Grange is of course a shiraz; however, almost every vintage has a little cabernet sauvignon in it. Max Schubert used to say a touch of cabernet was needed most years in order to achieve balance. The ’71 has 13%, which is one of the biggest cabernet components of all Granges – although it’s never been apparent in the flavour spectrum, at least in my view.
In spite of the fame of the old Magill vineyard, in the Adelaide foothills, Grange has never been a single-estate wine. Indeed, its great strength could be said to be the ability of Penfolds to blend across vineyards and even regions, to produce the best wine they can every year. Fruit sourcing varies according to the season, and in 1971 the grapes came from Kalimna, the company’s main Barossa Valley vineyard at the time, as well as other Barossa growers; also Magill, Clare Valley and Coonawarra.
The season was close to ideal, with healthy vines, a warm summer and a warm, dry vintage period. It was one of those vintages that seem to break the rules, giving quality as well as quantity – although there’s never been any suggestion that Grange grapes ever came from heavily-cropped vines.
History doesn’t record how many entries there were in the cabernet/shiraz class at the Gault-Millau Paris Wine Olympiad in 1979 – probably not many! But ’71 Grange topped its class there, winning a gold medal. Incidentally, one of the judges was Len Evans, who has always said volatility never worried him in Grange.
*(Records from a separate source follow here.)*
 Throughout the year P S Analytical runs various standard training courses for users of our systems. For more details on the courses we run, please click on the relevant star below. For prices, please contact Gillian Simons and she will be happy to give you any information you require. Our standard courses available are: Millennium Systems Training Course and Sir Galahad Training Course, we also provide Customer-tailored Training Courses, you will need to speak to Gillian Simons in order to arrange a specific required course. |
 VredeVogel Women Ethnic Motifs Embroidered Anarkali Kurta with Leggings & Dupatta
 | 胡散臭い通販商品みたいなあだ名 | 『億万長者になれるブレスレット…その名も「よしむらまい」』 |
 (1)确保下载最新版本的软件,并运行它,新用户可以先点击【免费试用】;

Today’s makers of 15% alcohol blockbusters might be surprised to learn that the alcohol strength is just 12.3%. Indeed, in the ‘50s, ‘60s and ‘70s, with just one exception, Grange was never over 13.5% alcohol and usually below 13%. And yet the wines don’t taste underripe, or deficient in any way.
These days Grange weighs in at 14%-plus, which is the current vogue, and there is a sneaking suspicion that the greatest modern vintages of Grange don’t have quite the structure that they used to, instead showing much more soft, ripe fruit and being open and showy at a much younger age that the solidly-structured great vintages of fond memory, such as ’63, ’71, ’76 and ’83.
At 34 years old, the ’71 Grange is in the prime of its life and giving maximum pleasure. Two bottles bought at auction and drunk in Sydney in May 2005 were both impeccable. Fully mature and magnificently mellow, it has a very complex bouquet of charcuterie, barbecued meats, long-simmered beef stock, suggestions of earth and truffles, and a hint of crushed ants that has always been part of this vintage. The palate is smooth and fine, sweet of fruit and supple of texture, although the famous 1971 tannin backbone is still evident. The wine still has great structure, but it’s far from the tongue-cruncher it was when young. The aftertaste is incredibly long and totally satisfying. A thoroughly beautiful wine, which has quite a few years left in it.
*The current release 2010 (tasting) retails for $785.